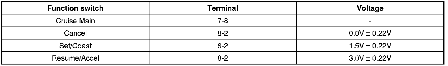 2. Measure voltage between terminals on the harness side connector when each function switch is ON (switch is depressed).
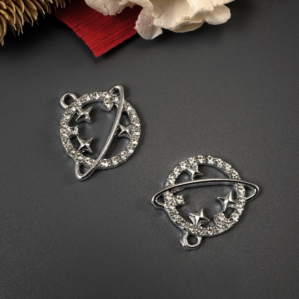 Подвеска "Космос" со стразами 23*20мм арт.ИВ-378 серебро
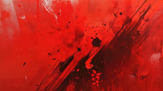 Abstract red splatters and brush strokes with varying intensities and transparencies on a dark red base
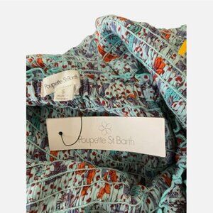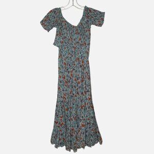 Poupette St. Barth Soledad Smocked Off-Shoulder Midi Dress Blue Size Small NWT
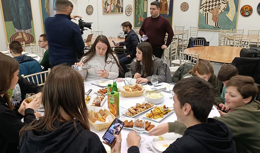 Његова Светост је затим у Парохијском дому Светосавског храма на Врачару приредио трепзу љубави за мале Светосавце из Приједора, Херцег Новог и Грахова.

▶ **Exercise aim**
Your task is to write out, exactly and without pictures, only the lines from the one holding "Abstract red splatters" to the last line of the data.

▶ **Task solution**
 Abstract red splatters and brush strokes with varying intensities and transparencies on a dark red base
 Poupette St. Barth Soledad Smocked Off-Shoulder Midi Dress Blue Size Small NWT
 Његова Светост је затим у Парохијском дому Светосавског храма на Врачару приредио трепзу љубави за мале Светосавце из Приједора, Херцег Новог и Грахова.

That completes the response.